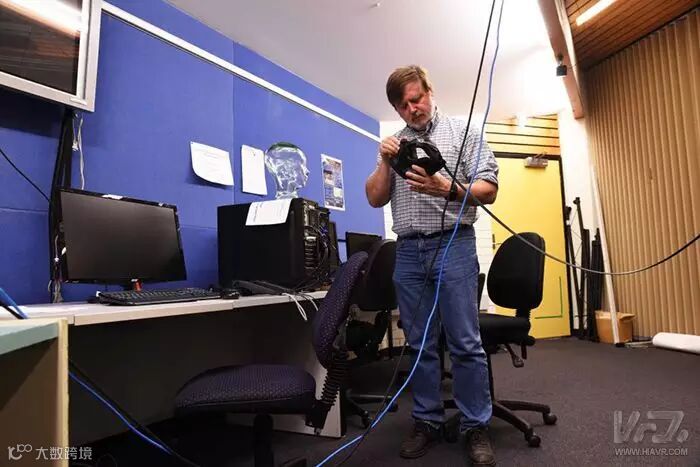 Bruce Thomas教授正在南澳大利亚大学的VR实验室工作
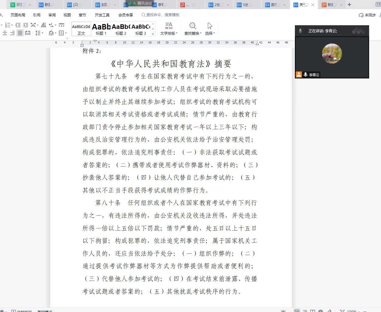 通过腾讯会议,领学了《中华人民共和国刑法》、《中华人民共和国教育法》、《国家教育考试违规处理办法》等重要篇章;通过学习引导,使考生全面了解了诚信守信是中华民族的传统美德,也是一个人应有的基本道德品质,信守诺言的行为品质对个人成长具有重要意义。
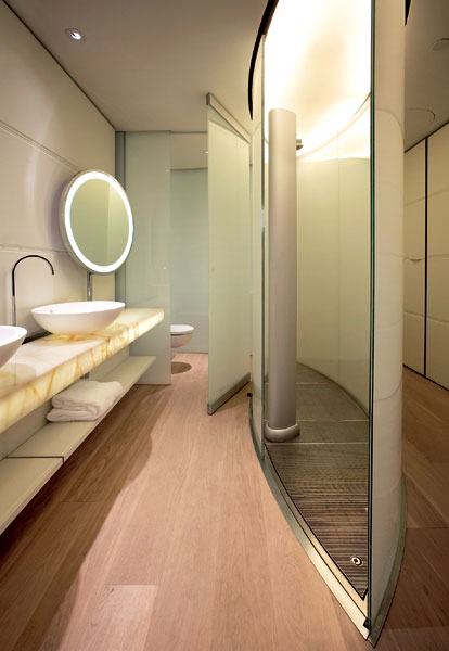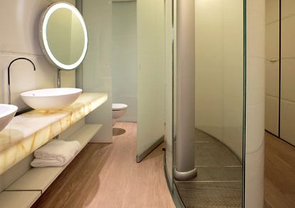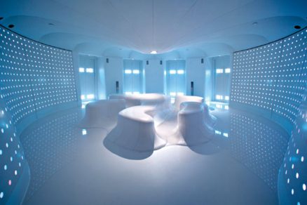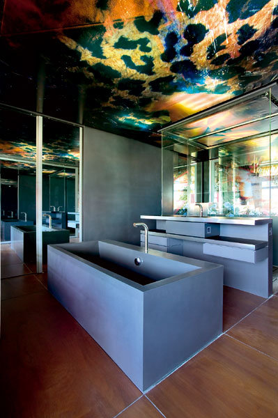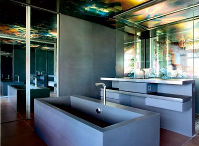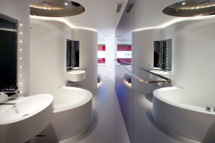 | Nielen Jean Nouvel umiestnil kúpeľňu z LG Hi-Macsu do centra dispozície. Na jeho poschodí je táto kúpeľňa prepojená s izbou presklenými posuvnými stenami s transparentnými veľkoplošnými fotografiami. | Medzi vybranými svetovými špičkami nechýbal ani sir Norman Foster a jeho ateliér. |
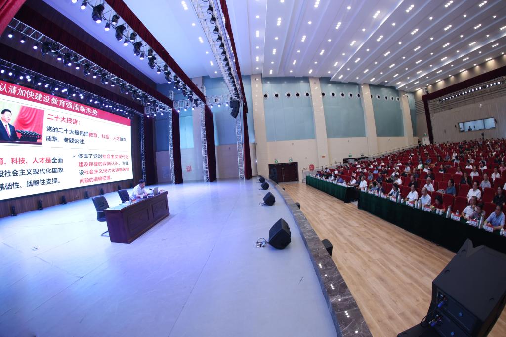 董事长胡大白在首场报告开始前指出开办本次研讨班的背景和意义。她说,这是在学校深入开展主题教育,深入学习贯彻习近平总书记关于教育强国建设的重要讲话精神,贯彻省委教育强省重大部署,不断深化学校教育教学改革,推动学校高质量发展背景下的一项重要安排,是主题教育学思想见行动,坚持以学铸魂、以学增智、以学正风、以学促干,努力推动学校在新时代实现新跨越的重要举措,也是一次统一思想、提高认识的骨干培训。她希望大家集中精力,认真听课,深入研讨交流,进一步开拓新视野、激发新思维、引领新发展,把上级的决策部署转化为学校改革发展和实现一流应用技术大学目标的政策设计和实践路径,为教育强省贡献学校的力量。

ASSIGNED TASK: Everything from the line containing "jeho ateliér. |" through the last line of the listing above must be output exactly, except the pictures.

RESPONSE BELOW:
 | Nielen Jean Nouvel umiestnil kúpeľňu z LG Hi-Macsu do centra dispozície. Na jeho poschodí je táto kúpeľňa prepojená s izbou presklenými posuvnými stenami s transparentnými veľkoplošnými fotografiami. | Medzi vybranými svetovými špičkami nechýbal ani sir Norman Foster a jeho ateliér. |
 董事长胡大白在首场报告开始前指出开办本次研讨班的背景和意义。她说,这是在学校深入开展主题教育,深入学习贯彻习近平总书记关于教育强国建设的重要讲话精神,贯彻省委教育强省重大部署,不断深化学校教育教学改革,推动学校高质量发展背景下的一项重要安排,是主题教育学思想见行动,坚持以学铸魂、以学增智、以学正风、以学促干,努力推动学校在新时代实现新跨越的重要举措,也是一次统一思想、提高认识的骨干培训。她希望大家集中精力,认真听课,深入研讨交流,进一步开拓新视野、激发新思维、引领新发展,把上级的决策部署转化为学校改革发展和实现一流应用技术大学目标的政策设计和实践路径,为教育强省贡献学校的力量。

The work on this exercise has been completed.